The articulated blocks 42 are connected in a chain-like manner, so that the flexibility of the articulated blocks 42 in rotation with each other is ensured.

In the embodiment of the present invention, the chain links 44 include a plurality of chain pieces stacked one above the other and spaced apart, and the plurality of chain pieces in two adjacent chain links 44 are stacked one above the other in a crossing manner, and the plurality of chain pieces in two adjacent chain links 44 are rotatably mounted on the hinge shaft 43 between the two adjacent chain links 44.

In the embodiment of the present invention, a linear first guiding groove 410 is provided on the guiding seat 41, the plurality of movable joint pressing blocks 42 are slidably mounted on the first guiding groove 410, and a part of movable joint pressing blocks 42 in the plurality of movable joint pressing blocks 42 can move in and out of the first guiding groove 410; so that the articulation pressing block 42 can always follow the movement of the guide tube 7 when the guide tube 7 is advanced under the pushing of the automatic feeding and transferring device 2.
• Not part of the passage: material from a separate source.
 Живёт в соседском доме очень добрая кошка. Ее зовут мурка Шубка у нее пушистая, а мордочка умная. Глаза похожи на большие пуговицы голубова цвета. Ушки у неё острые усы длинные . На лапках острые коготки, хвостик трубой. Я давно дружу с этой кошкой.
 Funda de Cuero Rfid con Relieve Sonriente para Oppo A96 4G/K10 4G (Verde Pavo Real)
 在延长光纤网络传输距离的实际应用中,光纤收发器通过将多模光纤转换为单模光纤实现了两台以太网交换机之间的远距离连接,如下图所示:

Further preferably, a plurality of guide blocks 45 are further arranged in one-to-one correspondence with the movable joint pressing blocks 42, the guide blocks 45 are fixedly connected with the left half section of the movable joint pressing blocks 42 or are integrally formed, the guide blocks 45 are slidably arranged on the first guide grooves 410, and the guide blocks 45 can move in and out of the first guide grooves 410 along with the movable joint pressing blocks 42;

the first guide groove 410 is a T-shaped groove or a dovetail groove.

The arrangement is such that the guide blocks 45 can only move out of and into the first guide grooves 410 in the direction of the first guide grooves 410.
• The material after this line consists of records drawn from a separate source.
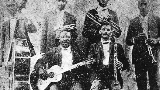 El Jazz - De pie: Jimmy Johnson (b), Buddy Bolden (c), Willy Cornish (tb), Willy Warner (cl). Sentados: Brock Mumford (g), Frank Lewis (cl) - Aprox. 1905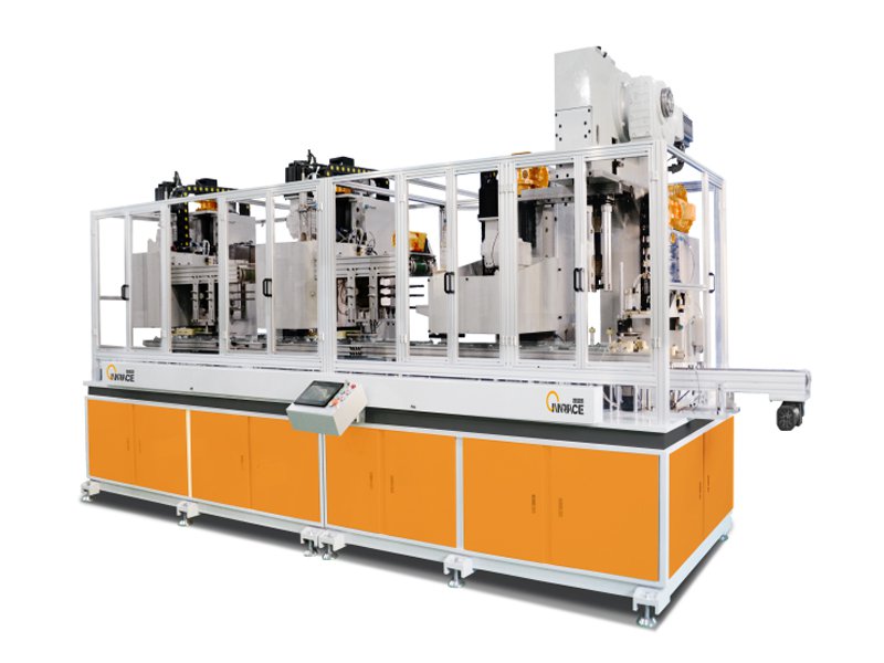 此生产线采用纯机械式凸轮传动,凸轮送罐,凸轮抱罐。速度连续可调,配置有卡罐保护装置,令生产过程安全流畅。专利设计的胀方工位复位槽,令胀方工序更久耐用,克服了使用弹簧的弹簧疲劳问题。内外槽轮式翻边工序,令翻边工序均匀,快速同时保证了罐身的卷封质量。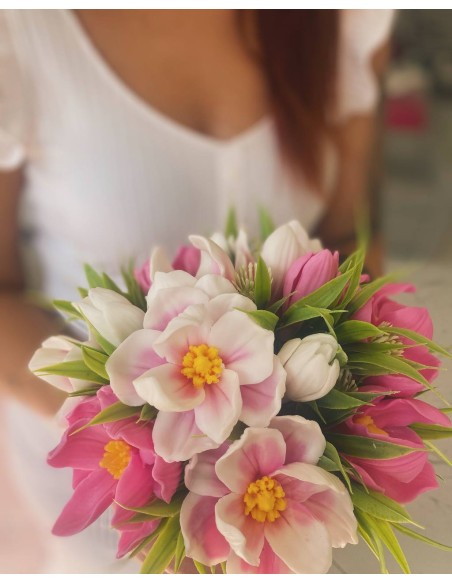 Mydlany bukiet jasnoróżowych magnolii o delikatnym kwiatowym zapachu, umieszczony w eleganckim prezentowym opakowaniu.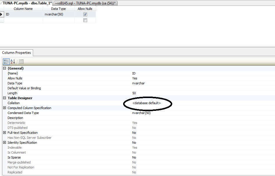 Here the CI is case insensitive.CS is case sensitive,So by default in SQL Server the collation is case insensitive and that's why it does not worry about any cases, so it is case insensitive.Since SQL Server is case insensitive all the databases in it are also case insensitive.Here I have a requirement in my project for a log in the form and I need to match the data. If only the data is in the the same cases then what I will do is fetch the data and check if only the spelling is correct. SQL Server will not check any cases.Thus to overcome this problem we need to use the collate manually in our database or in our column of a table.Here I am giving an example of both types of collations.Here I have created a database mydb with case sensitive collations with the following table and records.My table student will look like this:Now I am trying this query to fetch the records.Here my database collation is case insensitive and my query id is not in the proper case as per my record so I am getting the result like this.Now if we create another database with case insensitive collation then creating the same student table and adding same records there.Now here I am selecting a record with case insensitive id but this will work because our database that is "Mydb1" is created with case insensitive collation.So the result will be:In this way we can change the collation of a database and work depending on our requirements, similarly we can change our Column collation.To check the collation, expand the database then right-click on a table then go to the property menu and check the extended property.Since we have created the CS collation the collation here is showing CS. But by default the collation is CI. If we want to check the collation of a column of a table then we can check it when creating the column like this:It is the default based on the database.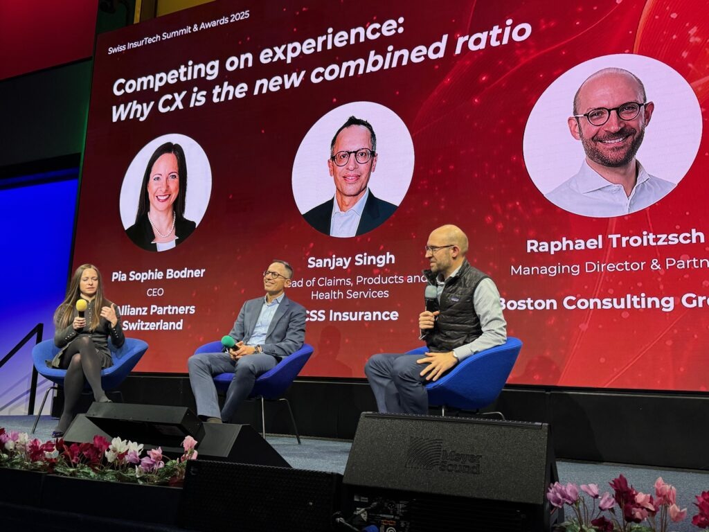 Im letzten Panel des Nachmittags diskutierten Pia Bodner, CEO bei Allianz Partners Schweiz, Sanjay Singh, Head of Claims, Products and Health Services bei CSS und Moderator Raphael Toitzsch, MD & Partne Boston Consulting Group über Kundenerlebnisse im Versicherungsalltag.

In the embodiment of the present invention, as shown in fig. 2, 3 and 6, the die clamping device 5 includes a rotating frame 50 and a die clamping 51, the rotating frame 50 is rotatably mounted on the frame 1, the die clamping 51 is mounted on the rotating frame 50, and the die clamping 51 is hinged with the movable joint pressing block 42 located at the foremost end; a second semicircular groove 510 with a straight line shape is arranged on the right end surface of the clamping die 51;

as shown in fig. 2 and 3, the bending mechanism 6 includes a bending die 60 rotatably mounted on the frame 1, the bending die 60 rotates around a central axis thereof, the rotating frame 50 rotates around a central axis of the bending die 60, a third semicircular groove 600 of an arc line type and a fourth semicircular groove of a linear type are provided on a side wall of the bending die 60, the third semicircular groove 600 is tangential to the fourth semicircular groove, and the clamping die 51 can abut against the bending die 60 to enable the second semicircular groove 510 and the fourth semicircular groove to cooperate to form a clamping hole, so as to clamp and fix the catheter 7.
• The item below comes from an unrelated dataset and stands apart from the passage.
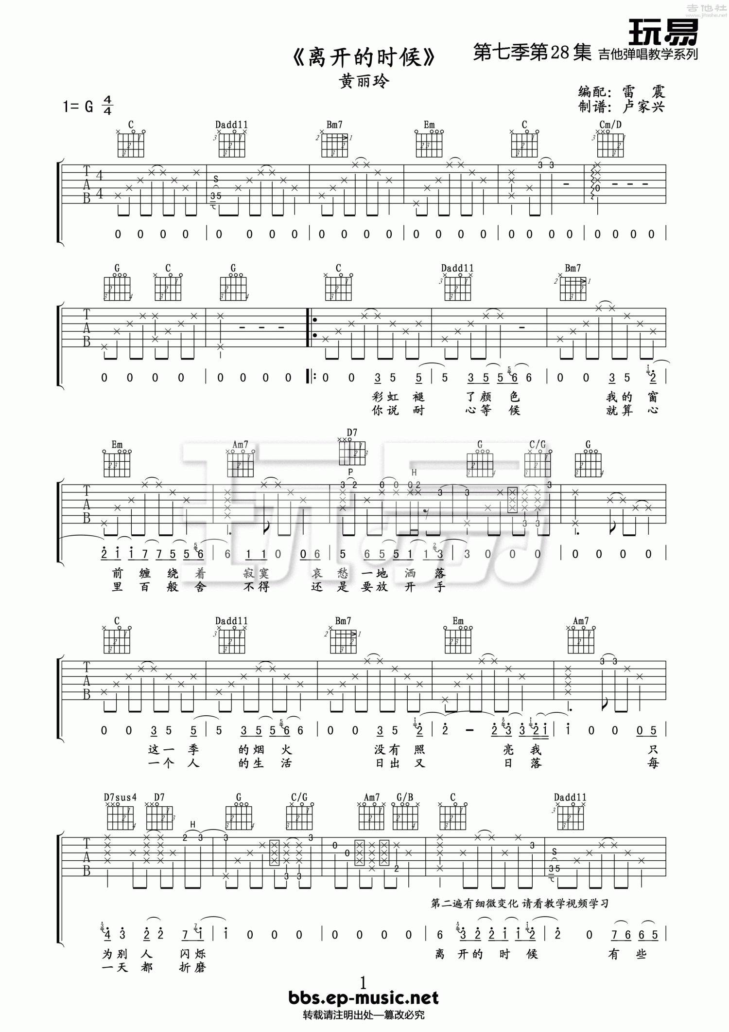 曲谱介绍: G调版《离开的时候》吉他弹唱六线谱

In this embodiment of the present invention, the same motor is preferably used to drive and rotate, so that when the bending operation is performed, the rotating frame 50 and the bending mold 60 jointly rotate, and the rotation of the clamping mold 51 can drive the plurality of movable joint pressing blocks 42 to jointly move, and the right end surfaces of the plurality of movable joint pressing blocks 42 are sequentially abutted against the bending mold 60, and meanwhile, the first semicircular groove 40 is gradually bent and then matched with the third semicircular groove 600 to form a supporting hole for supporting the outer side wall of the bending portion of the conduit 7, so that the bending portion of the conduit 7 is clamped.

Thus, since the supporting hole formed by the cooperation of the first semicircular groove 40 and the third semicircular groove 600 is a standard circular hole, the supporting hole can reduce the whole ovalization amplitude of the catheter 7 by giving enough support to the outer half side of the outer side wall of the catheter 7 during the bending process of the catheter 7;

the rotating and bending directions of the movable joint pressing blocks 42 are the inner side directions, namely the full coverage of the first semicircular groove 40 on the outer half side of the outer side wall of the bent part of the guide pipe 7 can be realized, and further, the uniform support on the outer half side of the outer side wall of the bent part of the guide pipe 7 is realized, so that the phenomenon of local excessive ovalization in the outer half side of the outer side wall of the bent part of the guide pipe 7 is avoided;

Finally, the outer half side of the outer side wall of the bent portion of the duct 7 is abutted against the first semicircular groove 40, so that the friction force existing between the outer half side of the bent portion of the duct 7 and the first semicircular groove 40 can prevent the bent portion of the duct 7 from being excessively stretched when the bent portion of the duct is stretched.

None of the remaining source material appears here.